The task
Search the data for the word "with" and copy every line where it occurs.

Material for this exercise
+ + +

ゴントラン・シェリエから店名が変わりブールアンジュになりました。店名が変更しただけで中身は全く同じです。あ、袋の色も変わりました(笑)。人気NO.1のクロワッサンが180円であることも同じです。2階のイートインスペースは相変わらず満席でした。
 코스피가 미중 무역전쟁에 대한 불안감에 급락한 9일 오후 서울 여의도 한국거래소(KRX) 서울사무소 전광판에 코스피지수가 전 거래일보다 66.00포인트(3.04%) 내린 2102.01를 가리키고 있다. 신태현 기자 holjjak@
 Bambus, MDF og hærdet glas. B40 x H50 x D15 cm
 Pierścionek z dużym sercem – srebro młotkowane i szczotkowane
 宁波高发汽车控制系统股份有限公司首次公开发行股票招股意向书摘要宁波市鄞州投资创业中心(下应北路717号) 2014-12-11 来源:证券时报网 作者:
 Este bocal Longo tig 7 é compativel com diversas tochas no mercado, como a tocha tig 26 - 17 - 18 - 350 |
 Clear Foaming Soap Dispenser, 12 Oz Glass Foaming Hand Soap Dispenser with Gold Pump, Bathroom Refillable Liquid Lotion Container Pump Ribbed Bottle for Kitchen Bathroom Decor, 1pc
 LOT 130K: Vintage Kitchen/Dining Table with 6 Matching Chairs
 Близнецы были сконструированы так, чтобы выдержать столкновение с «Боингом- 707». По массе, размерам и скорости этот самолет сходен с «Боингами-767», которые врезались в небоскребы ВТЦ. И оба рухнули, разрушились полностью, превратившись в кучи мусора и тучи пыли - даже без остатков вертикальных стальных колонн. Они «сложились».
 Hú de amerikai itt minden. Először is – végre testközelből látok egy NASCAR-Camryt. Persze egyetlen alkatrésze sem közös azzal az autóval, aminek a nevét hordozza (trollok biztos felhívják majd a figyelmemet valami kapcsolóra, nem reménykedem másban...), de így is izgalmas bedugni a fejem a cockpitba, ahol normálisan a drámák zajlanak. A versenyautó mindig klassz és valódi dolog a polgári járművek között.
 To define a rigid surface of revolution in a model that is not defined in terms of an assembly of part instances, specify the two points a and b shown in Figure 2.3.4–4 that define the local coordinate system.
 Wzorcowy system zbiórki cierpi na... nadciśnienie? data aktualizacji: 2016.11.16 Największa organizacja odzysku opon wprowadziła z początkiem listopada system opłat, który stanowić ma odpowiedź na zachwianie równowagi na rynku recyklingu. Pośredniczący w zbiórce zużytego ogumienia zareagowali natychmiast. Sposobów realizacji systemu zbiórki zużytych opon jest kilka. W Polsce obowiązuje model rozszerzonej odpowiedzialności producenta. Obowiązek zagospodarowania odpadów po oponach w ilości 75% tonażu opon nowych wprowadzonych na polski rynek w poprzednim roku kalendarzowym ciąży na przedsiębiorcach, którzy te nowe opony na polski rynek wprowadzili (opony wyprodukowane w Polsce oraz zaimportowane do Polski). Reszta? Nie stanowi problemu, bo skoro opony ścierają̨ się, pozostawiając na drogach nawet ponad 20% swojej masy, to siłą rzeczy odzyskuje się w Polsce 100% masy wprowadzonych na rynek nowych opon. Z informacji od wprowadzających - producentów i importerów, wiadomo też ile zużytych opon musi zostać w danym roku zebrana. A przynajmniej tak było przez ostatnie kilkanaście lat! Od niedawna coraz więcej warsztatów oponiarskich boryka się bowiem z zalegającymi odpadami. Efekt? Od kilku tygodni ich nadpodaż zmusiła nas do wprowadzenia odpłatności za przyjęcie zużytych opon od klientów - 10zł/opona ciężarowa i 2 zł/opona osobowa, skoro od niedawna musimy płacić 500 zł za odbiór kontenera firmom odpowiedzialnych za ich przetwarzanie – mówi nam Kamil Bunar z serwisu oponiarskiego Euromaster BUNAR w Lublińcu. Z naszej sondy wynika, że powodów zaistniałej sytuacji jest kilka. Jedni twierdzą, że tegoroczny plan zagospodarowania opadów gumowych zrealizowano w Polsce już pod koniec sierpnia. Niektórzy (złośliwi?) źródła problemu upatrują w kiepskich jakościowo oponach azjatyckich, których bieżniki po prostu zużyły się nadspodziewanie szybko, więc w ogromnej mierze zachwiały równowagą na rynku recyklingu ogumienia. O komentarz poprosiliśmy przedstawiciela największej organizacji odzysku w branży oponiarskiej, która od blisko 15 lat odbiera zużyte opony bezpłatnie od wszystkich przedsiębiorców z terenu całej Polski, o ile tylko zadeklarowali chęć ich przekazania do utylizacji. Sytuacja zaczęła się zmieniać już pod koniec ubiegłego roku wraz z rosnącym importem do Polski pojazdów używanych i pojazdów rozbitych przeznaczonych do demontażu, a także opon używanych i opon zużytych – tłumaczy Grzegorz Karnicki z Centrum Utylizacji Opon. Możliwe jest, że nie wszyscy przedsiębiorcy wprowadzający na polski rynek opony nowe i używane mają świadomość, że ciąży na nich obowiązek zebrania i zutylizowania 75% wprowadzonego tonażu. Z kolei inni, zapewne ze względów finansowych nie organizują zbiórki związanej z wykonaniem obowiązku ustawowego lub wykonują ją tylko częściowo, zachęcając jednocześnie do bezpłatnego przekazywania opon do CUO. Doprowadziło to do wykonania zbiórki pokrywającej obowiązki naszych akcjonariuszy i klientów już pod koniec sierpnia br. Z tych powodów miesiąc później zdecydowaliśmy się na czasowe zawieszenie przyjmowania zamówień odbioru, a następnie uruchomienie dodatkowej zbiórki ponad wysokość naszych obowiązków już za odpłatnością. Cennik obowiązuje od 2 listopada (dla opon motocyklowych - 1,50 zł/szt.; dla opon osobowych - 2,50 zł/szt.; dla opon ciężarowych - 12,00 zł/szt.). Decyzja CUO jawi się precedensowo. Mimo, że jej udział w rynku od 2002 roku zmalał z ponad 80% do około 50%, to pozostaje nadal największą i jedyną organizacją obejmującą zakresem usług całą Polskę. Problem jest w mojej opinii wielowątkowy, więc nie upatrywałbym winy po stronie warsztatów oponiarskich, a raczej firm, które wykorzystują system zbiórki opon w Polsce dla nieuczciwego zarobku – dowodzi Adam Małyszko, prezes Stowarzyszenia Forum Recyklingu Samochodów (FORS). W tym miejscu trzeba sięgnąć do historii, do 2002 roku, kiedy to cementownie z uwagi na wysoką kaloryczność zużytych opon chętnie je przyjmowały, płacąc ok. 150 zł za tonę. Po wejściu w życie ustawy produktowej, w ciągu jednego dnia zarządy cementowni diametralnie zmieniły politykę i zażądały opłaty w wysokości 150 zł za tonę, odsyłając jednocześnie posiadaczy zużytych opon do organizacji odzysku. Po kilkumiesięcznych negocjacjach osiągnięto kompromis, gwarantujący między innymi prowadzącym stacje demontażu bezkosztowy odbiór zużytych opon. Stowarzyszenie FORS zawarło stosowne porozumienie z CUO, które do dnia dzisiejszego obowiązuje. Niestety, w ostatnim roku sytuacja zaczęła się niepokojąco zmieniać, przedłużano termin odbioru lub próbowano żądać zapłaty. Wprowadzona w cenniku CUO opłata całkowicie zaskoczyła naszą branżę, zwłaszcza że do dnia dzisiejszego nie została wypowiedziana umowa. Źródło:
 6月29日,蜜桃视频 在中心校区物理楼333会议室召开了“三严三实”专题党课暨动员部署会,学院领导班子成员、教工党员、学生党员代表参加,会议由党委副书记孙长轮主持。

+ + +

Solution
 Clear Foaming Soap Dispenser, 12 Oz Glass Foaming Hand Soap Dispenser with Gold Pump, Bathroom Refillable Liquid Lotion Container Pump Ribbed Bottle for Kitchen Bathroom Decor, 1pc
 LOT 130K: Vintage Kitchen/Dining Table with 6 Matching Chairs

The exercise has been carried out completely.